Ir al contenido principal

Desescalar o parar la guerra. Escalar la Paz

Análisis
Tomado de ANNCOL
Por Allende La Paz



Ahora la palabreja de moda es “desescalar”. La usan para dizque “desescalar el conflicto” como si eso fuera posible. Si no que lo digan los familiares de las víctimas del conflicto armado. O las víctimas del conflicto social-económico-político que sacude Colombia desde hace más de 5 décadas.

Ante esto habría que preguntarse. Quién “escaló” el conflicto? Evidentemente que fue el gobierno colombiano, quienes inauguraron –más bien continuaron- una violencia que venía siendo azuzada por el propio estado. Recordemos que en el ataque a Marquetalia en 1964 –contra 48 campesinos, entre ellos dos mujeres- el gobierno “escaló” el conflicto utilizando 16.000 soldados, la aviación y la guerra bacteriológica con la “peste negra”, rubricando la asimetría de la guerra colombiana. Y de ahí en adelante usó “todas las formas de lucha” contrarevolucionarias para tratar de ganar la guerra que ellos mismos decretaron y, que ya todos sabemos, nunca ha podido ganarla y, por el contrario, ha habido momentos en que la moral combativa de la tropa oficial ha estado por los suelos, preludio de su colapso.

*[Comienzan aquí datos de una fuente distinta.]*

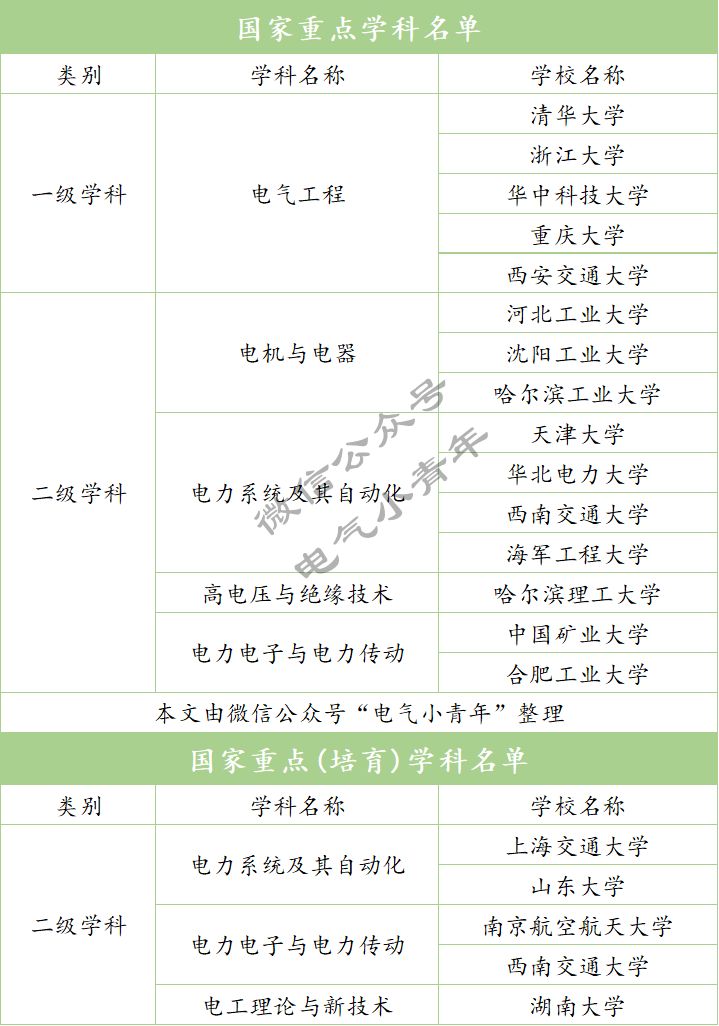 电气工程一级国家重点学科全国仅有五所高校,分别为:清华大学、浙江大学、华中科技大学、重庆大学、西安交通大学。也反应了这五所高校的综合实力都非常强。电气工程二级国家重点学科和国家重点(培育)学科全国仅有14所高校,均为电气工程一流院校。

Si seguimos la verdadera historia colombiana veremos que posteriormente quien “escaló” el conflicto armado fue el propio gobierno. Echó mano de las bandas de narco-paramilitares y los incentivo de tal manera que las “CONVIVIR” durante la administración Uribe Vélez –más conocido como Uribhitler- de 12.000 narco-paramilitares se saltó a 36.000 y hasta 40.000 asesinos que actuaban –y actúan con otros nombres, pero sigen siendo narco-paramilitares- de la mano de las fuerzas militares-policiales.

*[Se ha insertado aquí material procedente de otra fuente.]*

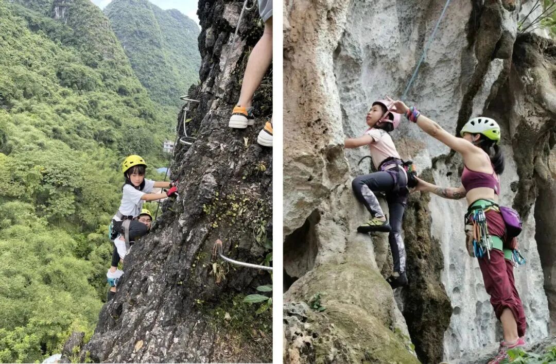 喀斯特地貌下造成了奇绝陡峭的山峰。我们以“崖壁攀岩”的形式,采用飞拉达路线,保留野外攀岩的惊险刺激,让孩子在攀爬中,近距离观察山峰表面,感受喀斯特地形地貌的魅力,同时突破自我、挑战极限,收获勇敢与自信。

La “profundización” o degradación de la guerra fue –y es- adelantada por el Estado mismo, cuyos gobernantes adelantan la más espantosa “guerra sucia” y ejecutan extrajudicialemnte, masacran, desaparecen, desplazan y roban tierras, torturan, al punto que la responsabilidad estatal va desde el 83% en las ejecuciones extrajudiciales y masacres hasta el 97,7% en el caso de las desapariciones. Para “lavarse la cara” han utilizado su herramienta impúdica, los narco-paramilitares, a quienes se responsabiliza de los peores crímenes y las peores atrocidades, mas las atrocidades parten de un hilo conductor, el Estado y sus militares.

Se puede “desescalar” un conflicto como el colombiano? No lo creemos porque el que lo “escala” es el mismo Estado y sus gobernantes, quienes se sienten “obligados” por sus intereses de clase a seguir la guerra para poder aplicar las órdenes del imperio estadounidense.

A la sombra de esa “obligación” se ha criado una serie de bandidos que usufructúan la guerra. Desde medios de comunicación –El Tiempo, por ejemplo, desde cuado era propiedad absoluta de los Santos- hasta “militares” y “empresarios” a quienes les engorda el bolsillo la guerra (cierto, Enrique Gómez Hurtado?).

La “clase militar” es una de las pricipales talanqueras para “desescalar” el conflicto. Su negocio y su forma de enriquecerse es la guerra. Los militares se “preparan para la guerra en tiempos de paz”. Tienen una sola política, la guerra, al igual que el Estado. Aparejada van los narco-paramilitares –ahora llamados por el mismo Estado como BACRIM, en un intento de “lavarse la cara” y hacer olvidar los horrores causados por ellos.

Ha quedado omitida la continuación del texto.